To respond to the need of shelter, MSF started in December building wooden shelter. So far more than 200 have been supplied. MSF did also water and sanitation repair work and set up 66 chemical toilets, as the number of latrines was largely insufficient. To improve the hygiene on the site, MSF set up a system for collecting and managing garbage. On 11 January, the French government opened a camp in a secure area within the camp to provide 1,500 people with accomodation in container-dormitories, not equipped with showers. There 630 people are currently accommodated.
Grande Synthe: Further north of Calais, there is another large site in Grande-Synthe where 2,500 refugees and migrants are living in the mud, wet and cold in appalling conditions. To start with, MSF is providing medical consultations three days a week and has set up 22 latrines and 2 water points. But the main target is to offer this population shelter and more acceptable living conditions. For this purpose, MSF began work on 13 January on a new site for refugees in Grande-Synthe. The project is conducted with the support of the Grande-Synthe’s mayor. The work will take about a month to complete, during which 500 tents (each for 5 people), hot showers and latrines in sufficient number will be installed as well as common living spaces. The new site is planned to be ready end of February. Confirmed measles cases were also reported in the Grande-Synthe camp, and the vaccination campaign is planned for mid-February.

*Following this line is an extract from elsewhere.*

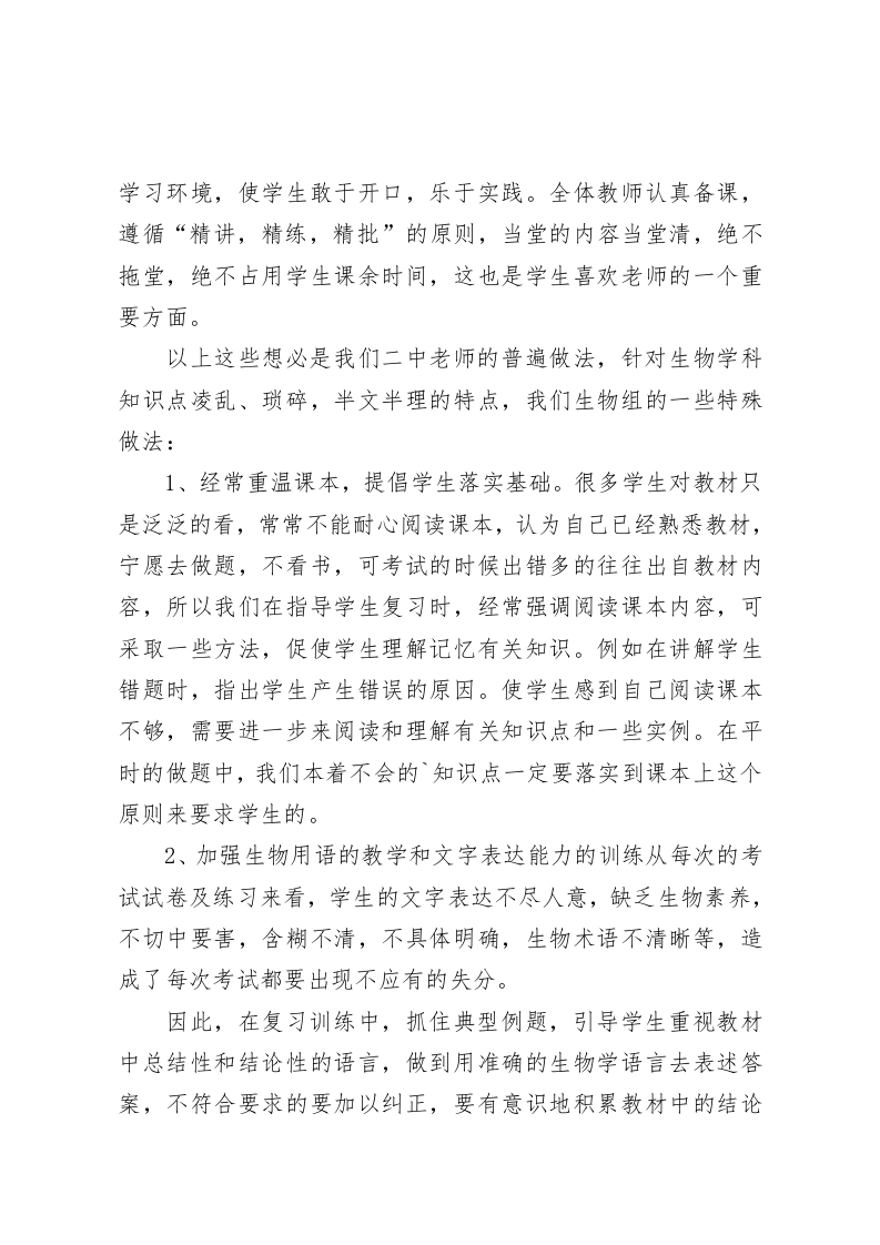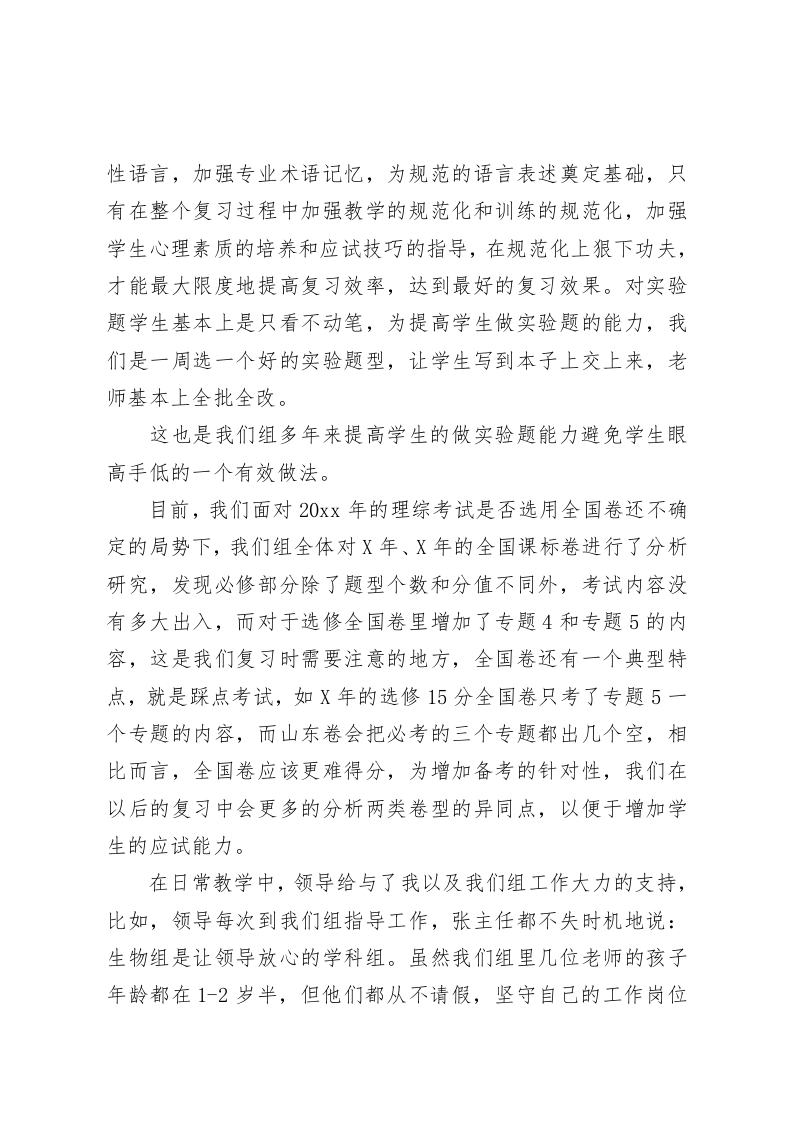 高三生物备课组长发言创造性地开展工作,为学校的发展做出更大贡献尊敬的领导,各位老师:今天我能够作为高三生物组的代表向各位领导汇报工作,感到非常荣幸。我们生物组共有5名教师,是个极富生气、积极向上的的群体。虽然从年龄上看我们都是年轻型的,但在教学水平上却都独具特色,陈xx老师是省优质课一等奖的获得者,我也连续两次获得市级教学能手的称号,杨Xx老师获市级优质课一等奖,高Xx和李xx老师也是去年高三留下的精英。我们所有的成员都满怀激情,对工作有敬业精神和吃苦耐劳的品质,我们成绩的取得是与我们团队的团结协作是分不开的,同时更离不开领导的关心和支持。下面我从以下几个方面汇报一下我们开展的工作。一、扎实教研,优化课堂我们教研组进行两个层面的教研:随机教研、集体教研。首先,课前课后,平时的谈笑间,我们无时不在进行随机教研,虽然仅仅是简短的一两句话,却能有目的地相互启发彼此的思路,通教学中遇到的问题。二、敬业爱生,激发学生的学习兴趣教学质量是我们的生命线,为尽快提高生物教学质量,我们全组教师借助课余时间疏通部分学生的学习障碍。经常找学生谈心,特别是李明云老师说话特逗,很多学生都主动找他谈心,在对老师信任的同时,也无形中提高了学习生物的积极性,在课堂教学中营造宽松的

 See for e.g. From a Rock to a Hard Place - highlighting the needs of migrants and refugees in Tunisia (fleeing Libya 2011) and Trapped at the Gates of Europe (Morocco 2013) which includes MSF data showing that more than half of the medical problems diagnosed among 10,500 sick and wounded migrants treated by MSF between 2010 and 2012, were diseases closely related to poor living conditions. In the same period, 18% of MSF’s medical consultations were related to physical and sexual violence. MSF treated almost 700 male and female survivors of sexual violence, attacked in their country of origin, en route and in Morocco. In 2012 alone, MSF teams in Nador, neighbouring Melilla and Oujda assisted more than 1,100 people with violence related injuries, many perpetrated by Moroccan Security Forces and the Spanish Guardia Civil. A 2012 MSF survey found 63% of people interviewed experienced violence in Morocco, with 92% stating that the violence was intentional. MSF teams also recorded worrying increases in the expulsions of vulnerable groups. In 2012, 191 incidents were recorded and more than 6,000 people were expelled, including pregnant women, minors and people requiring medical treatment for violence related injuries. The real numbers are likely to be considerably higher.